= Jacob Joseph Taubenhaus =

Jacob Joseph Taubenhaus (1884–1937) born in Safed, Palestine on October 20, 1884, was Chief of the Division of Plant Pathology and Physiology of the Texas Agricultural Experiment Station at the Agricultural and Mechanical College of Texas (now Texas A&M University) from 1916 until his death on December 13, 1937. During his life, he was also a leader in Jewish affairs at the university and was a founder of Texas A&M Hillel.

He graduated from National Farm School (now Delaware Valley University) in Doylestown, Pennsylvania in 1904. He received his PhD from the University of Pennsylvania in 1913 under the direction of J. W. Harshberger with his dissertation titled, "The Diseases of the Sweet Pea (1914)." Taubenhaus was hired as Assistant Plant Pathologist at the Delaware Agricultural Experiment Station at Delaware College (now the University of Delaware) in 1909 and was promoted to Associate Plant Pathologist in 1913. He held this position until 1916. He started his position of Chief of the Division of Plant Pathology and Physiology at the Texas Agricultural Experiment Station in 1916. He became a member of the graduate faculty of Texas A&M College in 1924. In Texas, he worked on diseases of a multitude of crops, including sweet potatoes, corn, onions, melons and tomatoes.

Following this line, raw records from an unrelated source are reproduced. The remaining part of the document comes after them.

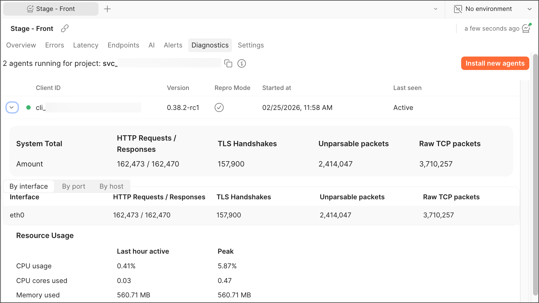The Diagnostics tab displays the metadata of the agents that are running and sending traffic for a service. Visit this page if you’re not sure if the Insights Agent is connected, or if you want to check that the agent is seeing all of your traffic. You can also install new agents from this tab.
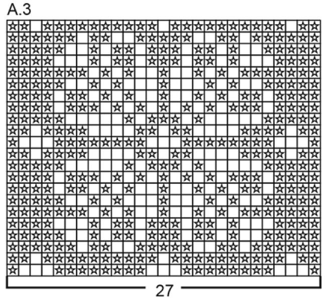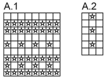 Quand A.1 a été tricoté 1 fois en hauteur, l'ouvrage mesure environ 5-6-6 cm.
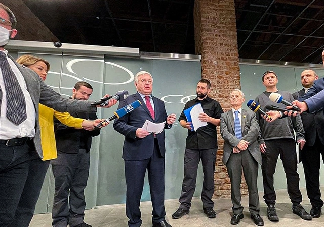 Görüşmenin ardından Ukrayna heyeti kameraların karşısına geçti.
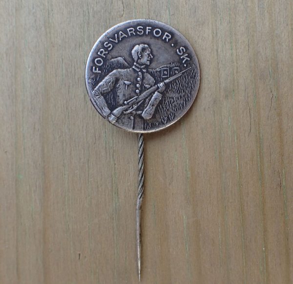 FORSVARSFOR. SK. nål. Nålen har teksten FORSVARSFOR. SK. Med motiv med en norsk garde soldat med Krag Jørgensen gevær. Bak med nål og stemplet med sølvstempel 830 S.
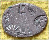 | Description / विवरण | The shape of the coin is oval. Obverse Sun, six armed, animal, taurine, mountain. Reverse Symbols are minute. |
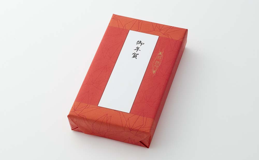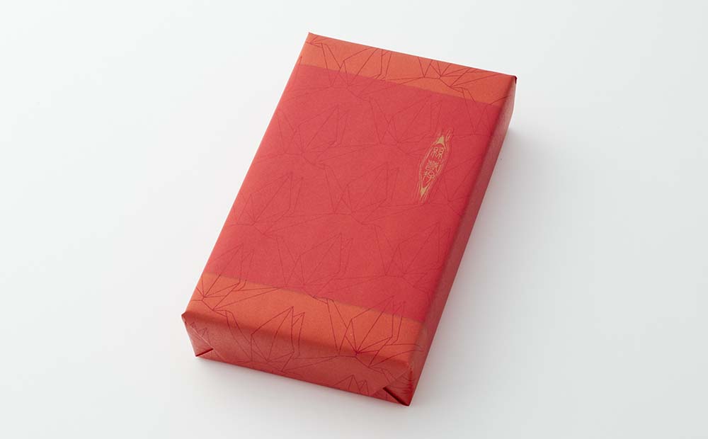 折り鶴をつなぎ合わせた模様と掛紙を一体化させ、祝いや感謝の気持ちを大切にくるみながら環境に配慮したデザインに仕上げました。

With Walter Ezekiel, he published a check list of diseases in Texas. Much of his research focused on the etiology and control of cotton root rot, caused by the fungus, Phymatotrichopsis omnivora. With Walter Ezekiel, he published a study evaluating the susceptibility of more than 2000 plant species to this pathogen. At the time of his death, he had 91 major scientific publications.

Along with his wife Esther, he founded Texas A&M Hillel in 1916, then named the "TAMC Menorah Club." Taubenhaus was a Mason, a member of the Botanical Society of America, Sigma Xi, and a charter member of the American Phytopathological Society. He maintained his position as head of the plant pathology and physiology division of the Texas Agricultural Experiment Station until his death in 1937.

He married Esther Hirschenson in 1910 and they had two children, Leon J. Taubenhaus, M.D., M.P.H. (December 29, 1912 - November 4, 1973) and Ruth T. Gross, M.D. (June 24, 1920 - October 16, 2007). He is buried in the Bryan (Texas) City Cemetery.